On 29 April 2020, a joint venture between StarHub and M1 Limited was awarded a license to create a 5G network in Singapore by the Singapore Government.

In August 2021, Starhub announced that it will be launching Nvidia's GeForce Now in Singapore, the first country in the region and the only local operator in the country to introduce the cloud gaming service.

On 17 February 2022, StarHub was introduced as a programme partner for DBS #CyberWellness.

In March 2022, IMDA approves deal for StarHub to buy a majority stake in MyRepublic business. In an article written by Straits Times, "The Infocomm Media Development Authority (IMDA) has approved local telco StarHub's proposal to buy a majority 50.1 per cent stake in rival Internet service provider MyRepublic's fibre broadband business for residential and enterprise customers in Singapore." The proposed transaction was announced by StarHub and MyRepublic in September last year. At the time, the deal was worth $70.8 million. This would grow Starhub broadband market share from 34% to about 40% in Singapore.

On 12 August 2025, Starhub announced it has fully acquired the broadband business of MyRepublic for S$105.2 million.

==Subsidiaries==
The StarHub group consists of several subsidiaries, which include:

| Company | Type | Principal activities |
|---|---|---|
| StarHub Mobile Pte Ltd | Subsidiary | HSPA, LTE and 5G NR Mobile Network (3G/4G/5G) |
| StarHub Cable Vision Ltd | Subsidiary | Digital Pay TV services (StarHub TV) |
| StarHub Online Pte Ltd | Subsidiary | Residential broadband and telephone service (Digital Voice) |
| Nucleus Connect | Subsidiary | Responsible for designing, building and operating the infrastructure of Singapore's Nationwide Broadband Network (NBN) |
| Ensign InfoSecurity Pte Ltd | Subsidiary | Provision of comprehensive cybersecurity services in Asia region |
| Strateq Sdn Bhd | Subsidiary | Headquartered in Malaysia, provides end-to-end data-driven IT solutions with in-house research and development capabilities |
| JOS Malaysia Sdn. Bhd | Subsidiary | Headquartered in Malaysia, serves around 1,500 blue-chip organizations and government clients in diverse industry sectors embarking on technology transformation |
| MyRepublic Broadband Pte Ltd | Subsidiary | Broadband Internet services specialising in high-speed, low-latency fibre broadband connectivity to residential and enterprise customers in Singapore |

==Services==

===Mobile services===
StarHub provides mobile services through its subsidiary StarHub Mobile. Since its launch on 1 April 2000, StarHub has been Singapore's fastest growing mobile operator. It has close to two million customers and is the second largest mobile network operator with close to 30% market share.

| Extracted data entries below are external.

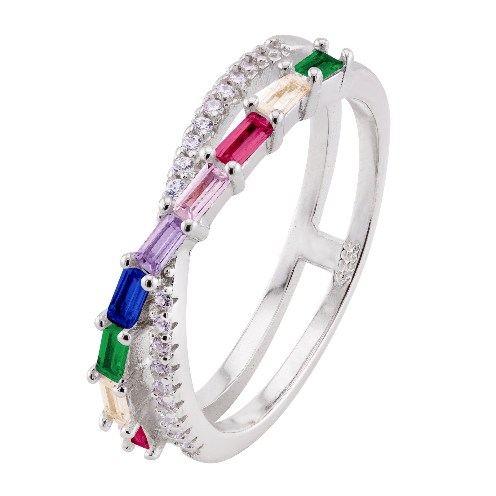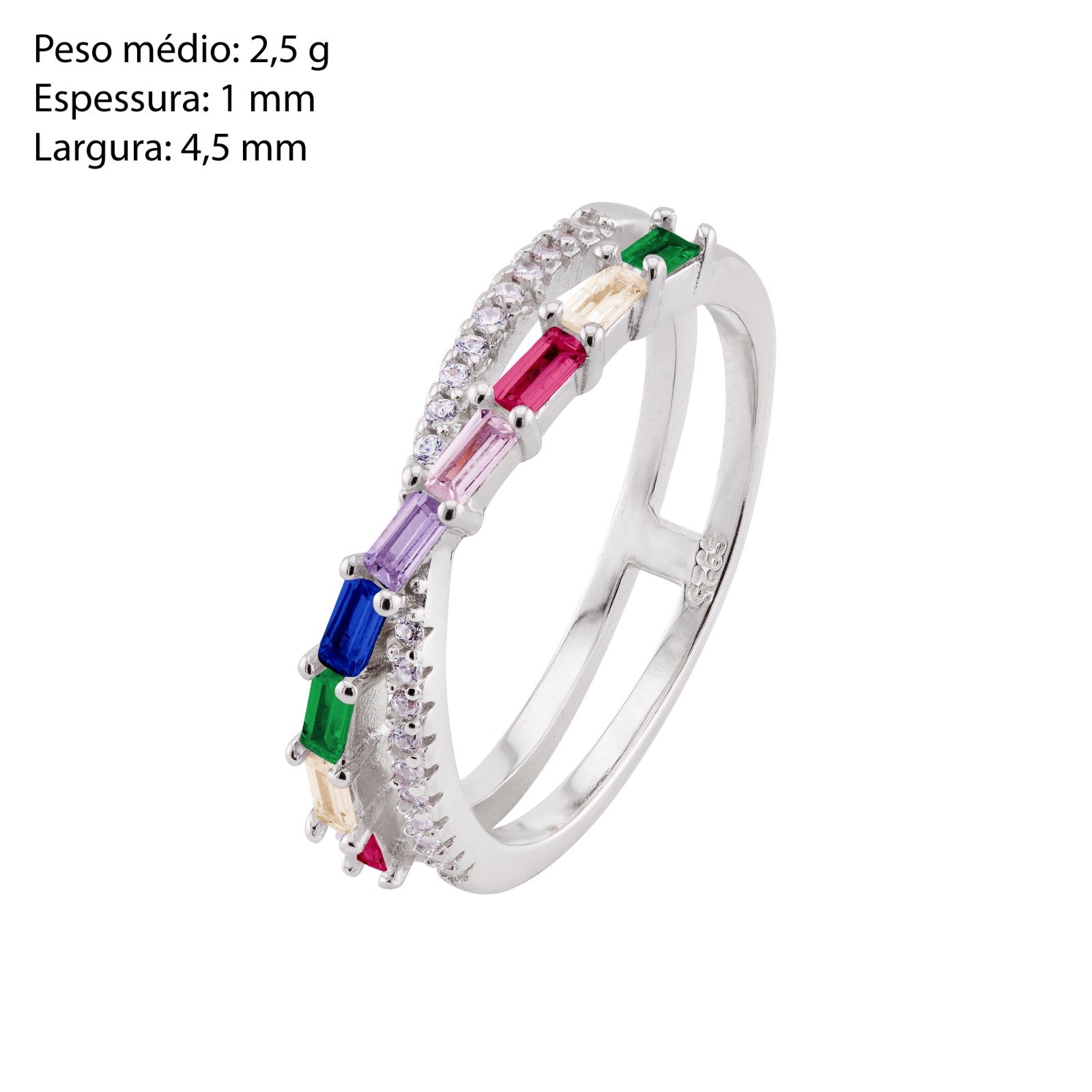 Anel em Prata 925 com Zircônias Coloridas em Lapidação Retangular, uma joia moderna e cheia de personalidade. O design apresenta uma sequência harmoniosa de zircônias coloridas em lapidação baguete, criando um visual vibrante e sofisticado. As laterais do aro são delicadamente cravejadas com zircônias cristal, garantindo brilho extra e um acabamento refinado.
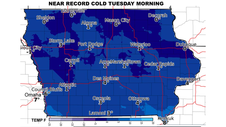 DES MOINES, Iowa - After the snow, comes record cold temperatures across the Nebraska-Iowa-Illinois region. Some areas will come close, and possibly tie cold records on Monday into Tuesday, but several areas are expected to set new cold records.
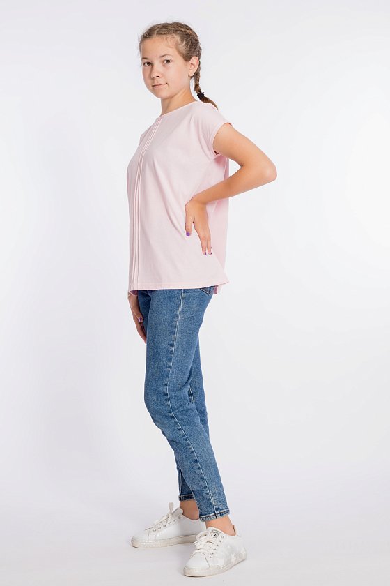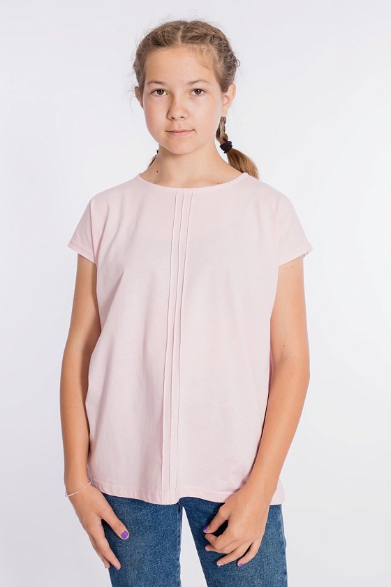 Футболка из однотонной кулирки, со спущенной линией плеча. Горловина с круглым вырезом, спереди по центру футболки три декоративных защипа.
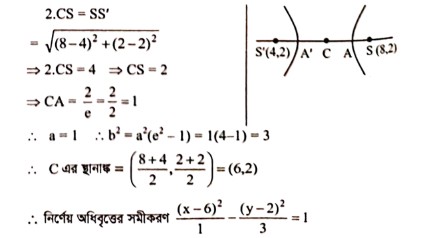 অধিবৃত্তের সমীকরণ নির্ণয় কর যার ফোকাসদ্বয় (4, 2) ও (৪, 2) এবং উৎকেন্দ্রিকতা 2 হলে অধিবৃত্তের সমীকরণ নির্ণয় কর।
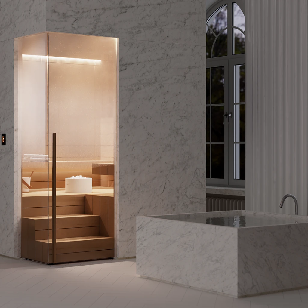 Ugnen kan enkelt integreras i bastulavar och bänkar, utan behov av skyddsräcken. Det gör att den smälter sömlöst in i bastuns inredning och bidrar till ett stilrent, harmoniskt uttryck, oavsett om bastun har modern eller klassisk stil.
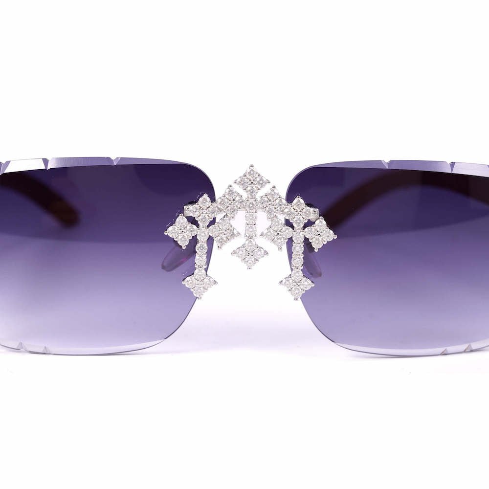 These moissanite sunglasses are iced out with brilliant cut, colorless moissanite diamonds. All of the diamonds on these moissanite diamond sunglasses pass the diamond tester.

On 27 May 2003, it became the first mobile operator in Singapore to commercially launch BlackBerry, a hand-held wireless device providing e-mail, telephone, text messaging, web browsing and other wireless data access. Customers trials of 3G services began in November 2004, and was released in April 2005.

In January 2005, StarHub announced that it would form an exclusive strategic partnership for i-mode in Singapore with NTT DoCoMo, a subsidiary of StarHub's major shareholder NTT. Customer trials started in October 2005, and the service was launched on 18 November.

On 15 July 2009, StarHub became the first mobile operator in the Asia Pacific region to commercially launch a HSPA+ service. Branded as MaxMobile Elite, StarHub's HSPA+ service offers download speeds up to 21 Mbit/s nationwide.

On 19 September 2012, StarHub began the enhancement of its high-speed mobile broadband network with Long Term Evolution (LTE) and Dual Cell High-Speed Packet Access Plus (DC-HSPA+), which improved peak downlink speeds of up to 75 Mbit/s and 42 Mbit/s respectively.

On 7 March 2013, StarHub became the first telecommunications company in Singapore to offer High Definition (HD) Voice. Over a year later, the company launched 4G Voice over LTE services. Both technologies enhance mobile call experience by improving speech clarity and reducing background noise.

In September 2015, StarHub was ranked world's fastest 4G network by independent mobile coverage checker OpenSignal. Five months later, OpenSignal reported that according to its study, Singapore is the fastest country with LTE. Singapore's StarHub and Singtel as well as Canada's SaskTel tied in the world's fastest operator category.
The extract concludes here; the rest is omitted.